Если бы государство состояло из одних только хороших людей, все бы, пожалуй, оспаривали друг у друга возможность устраниться от правления, как теперь оспаривают власть. Отсюда стало бы ясно, что по существу подлинный правитель имеет в виду не то, что пригодно ему, а то, что пригодно подвластному, так что всякий понимающий это человек вместо того, чтобы хлопотать о пользе другого, предпочел бы, чтобы другие позаботились о его пользе. Я ни в коем случае не уступлю Фрасимаху, будто справедливость — это то, что пригодно сильнейшему. Но мы еще обсудим это потом.
[Справедливость и несправедливость]
Для меня сейчас гораздо важнее недавнее утверждение Фрасимаха, будто жизнь человека несправедливого лучше жизни человека справедливого. А ты, Главкон, что выбираешь? Какое из этих двух утверждений, по-твоему, более верно?
— По-моему, — сказал Главкон, — целесообразнее жизнь человека справедливого.
— А ты слышал, сколько разных благ приписал Фрасимах жизни человека несправедливого?
— Слышал, да не верю.
— Так хочешь, мы его переубедим, если нам как-нибудь удастся обнаружить, что он не прав?
— Как не хотеть! — сказал Главкон.
— Однако если мы станем возражать ему, слово за словом перечисляя блага справедливости, а затем снова будет говорить он и опять мы, то понадобится вести счет указанным благам и измерять их, а чтобы решить, сколько их привел каждый из нас в каждом своем ответе, нам понадобятся судьи. Если же мы будем вести исследование, как мы делали это только что, когда сходились во мнениях, тогда мы одновременно будем и судьями, и защитниками.
— Конечно.
— Какой же из этих двух способов тебе нравится?
— Второй.
— Ну-ка, Фрасимах, — сказал я, — отвечай нам с самого начала. Ты утверждаешь, что совершенная несправедливость полезнее совершенной справедливости?
— Конечно, я это утверждаю, а почему — я уже сказал.
— Ну а как ты скажешь вот насчет чего: называешь ли ты одно из этих свойств добродетелью, а другое — порочностью?
— А почему бы нет?
— Значит, добродетелью ты назовешь справедливость, а порочностью — несправедливость?
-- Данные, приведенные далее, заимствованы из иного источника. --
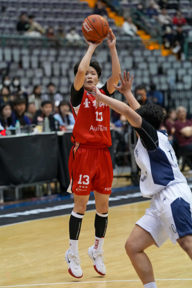 台師大碩二射手林佳蓉昨天因球隊無緣爭冠,賽後淚灑記者會,矢言要打好本季最後一場球,她付諸行動,首節獨攬10分,率隊取得24比11領先。

— Не иначе, дражайший! То-то я и говорю, что несправедливость целесообразна, а справедливость — нет!
— Но как же надо сказать?
— Да как раз наоборот.
— Неужели, что справедливость порочна?
— Нет, но она — весьма благородная тупость.
— Но называешь ли ты несправедливость злоумышленностью?
— Нет, это здравомыслие.
— Разве несправедливые кажутся тебе разумными и хорошими?
— По крайней мере те, кто способен довести несправедливость до совершенства и в состоянии подчинить себе целые государства и народы. А ты, вероятно, думал, что я говорю о тех, кто отрезает кошельки? Впрочем, и это целесообразно, пока не будет обнаружено. Но о них не стоит упоминать; иное дело то, о чем я сейчас говорил.
— Мне прекрасно известно, что ты этим хочешь сказать, но меня удивляет, что несправедливость ты относишь к добродетели и мудрости, а справедливость — к противоположному.
— Конечно, именно так.
— Это уж слишком резко, мой друг, и не всякий найдется, что тебе сказать. Если бы ты утверждал, что несправедливость целесообразна, но при этом подобно другим признал бы ее порочной и позорной [безобразной], мы нашлись бы, что сказать, согласно общепринятым взглядам. А теперь ясно, что ты станешь утверждать, будто несправедливость — прекрасна и сильна и так далее, то есть припишешь ей все то, что мы приписываем справедливости, раз уж ты дерзнул отнести несправедливость к добродетели и мудрости.
— Ты догадался в высшей степени верно.
— В таком случае, правда ведь, не надо отступаться от подробного рассмотрения всего этого в нашей беседе, пока ты, насколько я замечаю, говоришь действительно то, что думаешь. Мне кажется, Фрасимах, ты сейчас нисколько не шутишь, а высказываешь то, что представляется тебе истинным.
— Не все ли тебе равно, представляется это мне или нет? Ведь мое утверждение ты не опровергнешь.
— Оно, конечно, хоть и все равно, но попытайся вдобавок ответить еще на это: представляется ли тебе, что справедливый человек желал бы иметь какое-либо преимущество перед другим, тоже справедливым?